# Creative Cookery Cornish Hens with Cherry Glaze



## abjcooking (Dec 22, 2004)

hens
salt and pepper
1/2 cup butter

WHITE WINE SAUCE
1/2 cup white wine
1/2 cup orange juice
1/4 cup melted butter

WILD RICE DRESSING
1 cup wild rice
1 cup white rice
7 cups water
1 t. salt
livers from hens
1/4 cup butter
1 med. onion chopped
1/2 lb. mushrooms, sliced
1/3 cup slivered almonds
parsley
thyme
marjoram

CHERRY GLAZE
1 can pitted tart water packed cherries
1 1/2 T. cornstarch
1 T. current jelly
zest 1/2 orange
orange juice

Wash hens.  Salt and pepper cavity.  Fill hens with rice dressing (recipe below).  Do not pack too tight.  Fasten skin together with skewers or tooth picks.  Place hens in shallow roasting pan, breast side up.  Mix salt and pepper with 1/2 cup of butter and pour over.  Place in 425 degree oven for 20 minutes basting with wine sauce.  Reduce heat to 350 degree and roast for 30 minutes more basting every 15 minutes.  Serve with cherry glaze.

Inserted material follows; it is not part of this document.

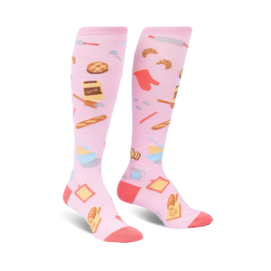 Hey there, baking aficionados! It's time to add a sprinkle of fun to your sock drawer with our Knee High Bake at 350 Socks. These socks are your ticket to a world of baking delight, served with a side of humor. Picture this: a vivid pink canvas adorned with all the baking essentials – rolling pins, whisks, measuring spoons, and even oven mitts. Slip into these socks and let your toes tap into the deliciously stylish world of baked goodies. Treat your feet to a taste of charm and comfort with our Bake at 350 Knee High Socks today!

White wine sauce:  Combine all ingredients and mix well

Wild Rice Dressing: Wash wild rice thoroughly.  Pour into boiling, salted water.  Cover.  Cool 14 minutes.  Add white rice and cook an additional 30 minutes.  Melt butter, saute onion and muchrooms, stir in liver, almonds and continue to saute.  Add drained rice and season with thyme, parsley salt and pepper and marjoram.

Cherry Glaze: Drain cherries reserving liquid.  To liquid, add cornstarch, current jelly, and zest of orange.  Heat and cook untio thick.  If necessary, thin with orange juice.  Add cherries and serve in a sauce bowl.


----------